### Your assignment
Copy the listing as it is written, and leave each picture out.

### Stored data
* * * * * * * * *

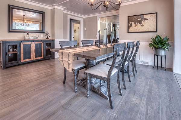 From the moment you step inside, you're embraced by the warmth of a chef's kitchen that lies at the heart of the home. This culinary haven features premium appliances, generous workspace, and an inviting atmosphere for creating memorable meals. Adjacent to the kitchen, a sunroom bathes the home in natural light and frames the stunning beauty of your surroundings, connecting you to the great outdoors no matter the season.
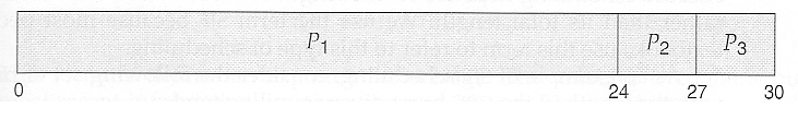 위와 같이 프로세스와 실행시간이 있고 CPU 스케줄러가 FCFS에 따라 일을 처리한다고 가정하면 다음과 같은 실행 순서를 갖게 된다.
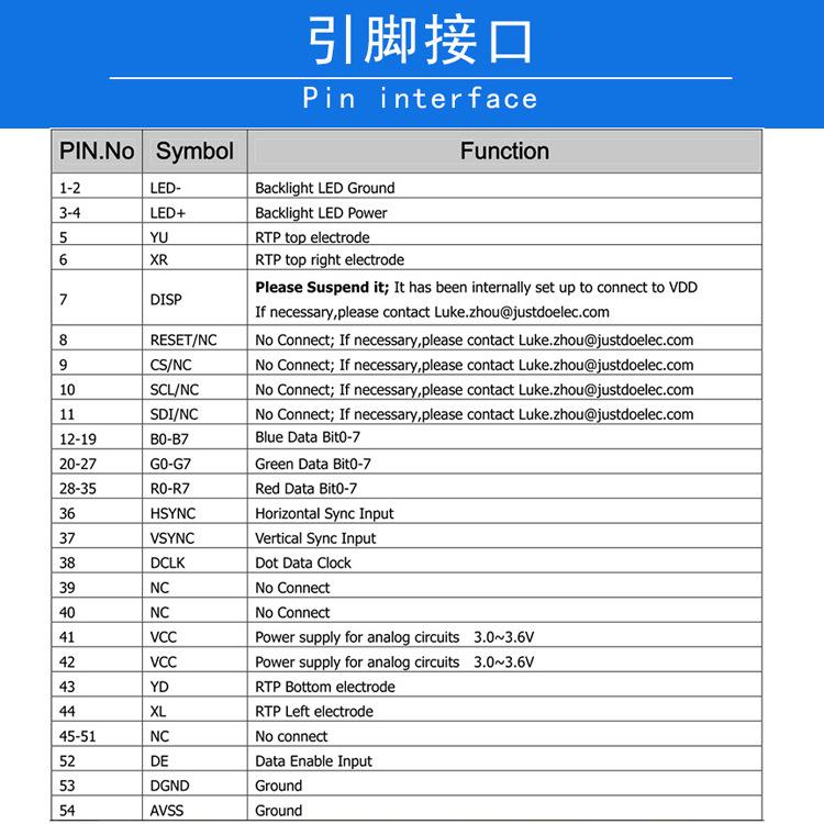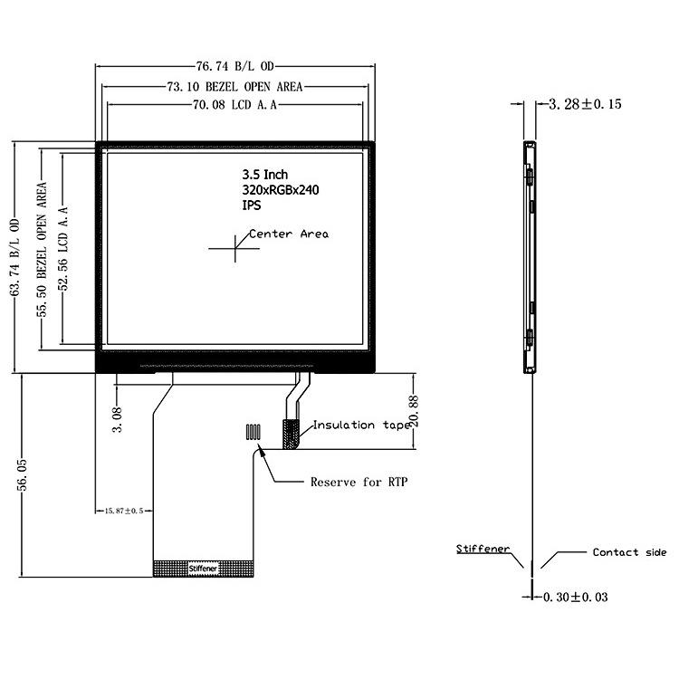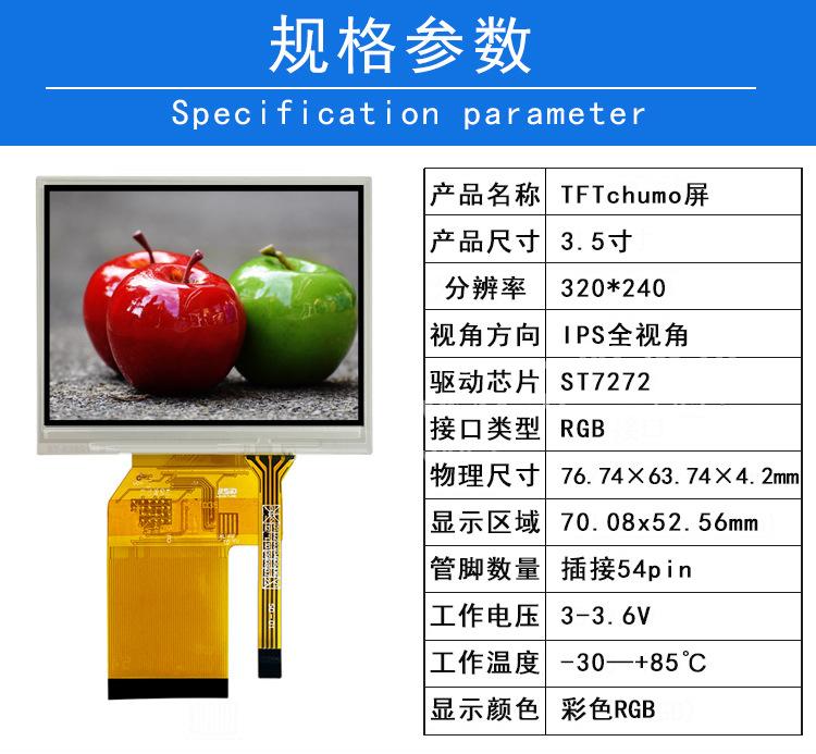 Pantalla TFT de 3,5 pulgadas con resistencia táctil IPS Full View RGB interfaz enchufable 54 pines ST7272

* * * * * * * * *

### Answer section
 From the moment you step inside, you're embraced by the warmth of a chef's kitchen that lies at the heart of the home. This culinary haven features premium appliances, generous workspace, and an inviting atmosphere for creating memorable meals. Adjacent to the kitchen, a sunroom bathes the home in natural light and frames the stunning beauty of your surroundings, connecting you to the great outdoors no matter the season.
 위와 같이 프로세스와 실행시간이 있고 CPU 스케줄러가 FCFS에 따라 일을 처리한다고 가정하면 다음과 같은 실행 순서를 갖게 된다.
 Pantalla TFT de 3,5 pulgadas con resistencia táctil IPS Full View RGB interfaz enchufable 54 pines ST7272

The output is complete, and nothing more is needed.